A Delaware judge agreed to fast-track the case with an October trial date instead of February that Musk wanted.
Twitter Inc. scored an early win against Elon Musk in its fight to make him complete his $44 billion buyout, as a Delaware judge agreed to fast-track the case with an October trial date.
Chancery Court Chief Judge Kathaleen St. J. McCormick on Tuesday scheduled the trial for five days in the fall, instead of two weeks in February as the billionaire requested. Twitter argued it was suffering under the Tesla Inc. founder’s withdrawal from the deal and disparagement of the social media company.
The ruling marks the first victory for Twitter in a case in which many legal experts say Musk will be the underdog.

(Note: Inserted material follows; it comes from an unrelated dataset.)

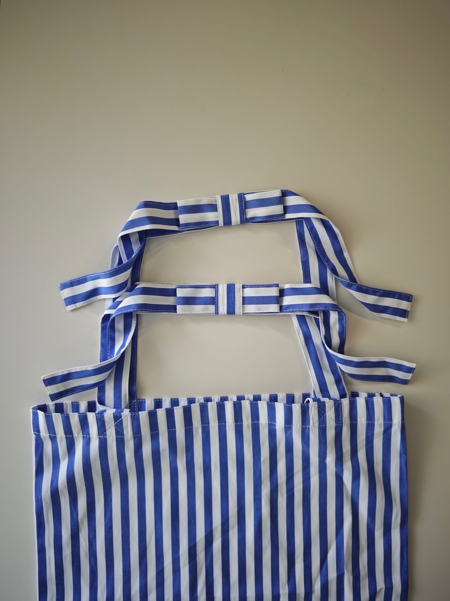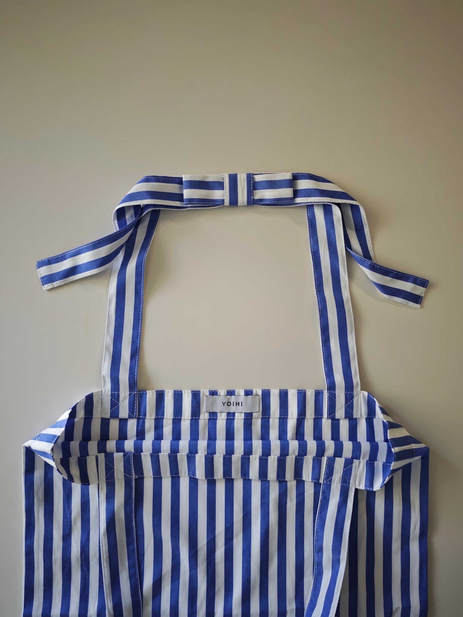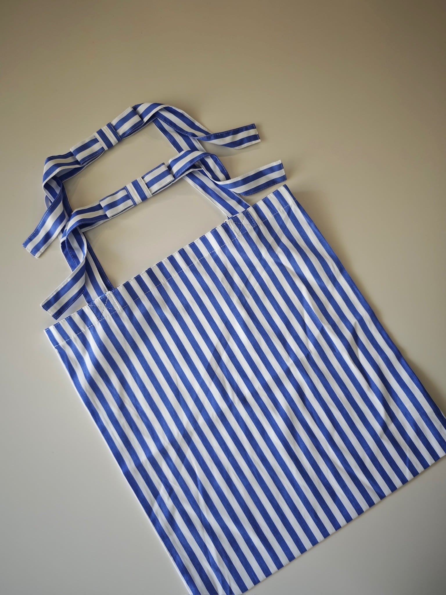 こだわりのギンガムチェック&ブルーストライプの生地を探し続けていたんですが、やっとこれだ!という生地に出会えたので商品化することができました。

In a hearing in Wilmington, the judge made clear she saw little merit in Musk’s scheduling arguments, saying his lawyers “underestimate the ability of this court to quickly process” complex disputes in merger-and-acquisition cases.
McCormick found that the battle over the teetering transaction was “creating a cloud of uncertainty” over Twitter. “The reality is, continued delays threaten imminent harm” to the company, she said.
The judge had no questions for Twitter’s lawyer after his argument but did stop Musk’s attorney when he called the Sept. 19 trial start Twitter proposed “preposterous.” She cited a past case that moved to trial within three months and rejected the Musk lawyer’s argument that she herself took a year to get another case to trial, noting the constraints of the pandemic at the time.
McCormick told the parties to propose specific October dates for the non-jury trial and wrapped up the hearing — held remotely to accommodate her own case of Covid — in just over an hour and a half.
Twitter shares jumped as much as 5.4% after the ruling. They were trading at $39.32, up 2.4%, at 3:16 p.m. in New York. From the day Musk tweeted that the deal was “on hold” in mid-May, the stock had fallen as much as 22%. It hasn’t traded near the deal price of $54.20 a share since the first two weeks after the acquisition was announced.
Lawyers for San Francisco-based Twitter had said they needed only four days to prove the world’s richest person must honor his agreement. Twitter filed suit last week to force Musk to consummate the transaction.
In Tuesday’s hearing, a lawyer for Twitter argued that Musk was “contractually obligated to use his best efforts to close deal.” Instead, he is “doing the exact opposite,” attorney William Savitt told the judge. “He’s engaging in sabotage.”
Under the buyout agreement, Musk is obligated to finalize the deal within two days of all the closing conditions being met, Savitt said. Those conditions will be met in early September, he said.
“Mr. Musk has no intention of keeping any of his promises,” the lawyer said.
Musk’s legal team has said Twitter was unfairly pushing for a “warp speed” trial. Musk said Twitter violated the terms of the buyout deal by not turning over detailed information about so-called spam bot accounts within its system. The case requires a “forensic review and analysis of large swaths of data” about the bots along with other legal issues, Musk’s lawyers said in the filing.
Andrew Rossman, a lawyer for Musk, argued at the hearing that there was no need to rush a trial to meet an October deadline specified in the deal. The important date is when the financing commitments for the purchase expire, near the end of April of next year, he told the judge. A February trial would give the court enough time to decide the case and leave room for an appeal, Rossman said.
“The idea of running this case in 60 days” was “extraordinary,” he said of Twitter’s proposed schedule. “It’s a preposterous time frame.”
Rossman dismissed Twitter’s assertion that Musk is trying to run out the clock so the financing commitments lapse. His client “continued to use his best efforts to do the deal” by lining up financing and having his lawyers stay in communication with Twitter on the details right up to the day the company filed suit, he said.
“Mr. Musk has no motivation to harm Twitter,” given that he’s its second-largest shareholder, Rossman said.
In the end, he failed to persuade McCormick to deny Twitter an expedited schedule.
In interrupting his argument, the judge pointed to a 2001 merger fight between chicken processors Tyson Foods Inc. and IBP Inc. that went to trial within three months. The Chancery judge in that case ordered Tyson to proceed with the $4.7 billion buyout of its rival after it sought to cancel the deal.
McCormick rejected Rossman’s citation of a case she presided over herself — private equity firm Kohlberg’s effort to walk away from a $550 million acquisition of cake supplier DecoPac Holdings from Snow Phipps Group LLC — that took a year to get to trial. Questions arose about the buyout just as the pandemic was gaining traction, she noted. In what could be an ominous foreshadowing for Musk, McCormick ordered Kohlberg to close the deal.
Chancery judges in Delaware, the corporate home to more than half of U.S. public companies, are known for being able to parse legal thickets of complex merger-and-acquisition disputes more quickly than many other US courts. Unlike in some states where it can take several years to get a case to trial, Delaware Chancery Court generally moves quicker, with cases often argued within five or six months of being filed.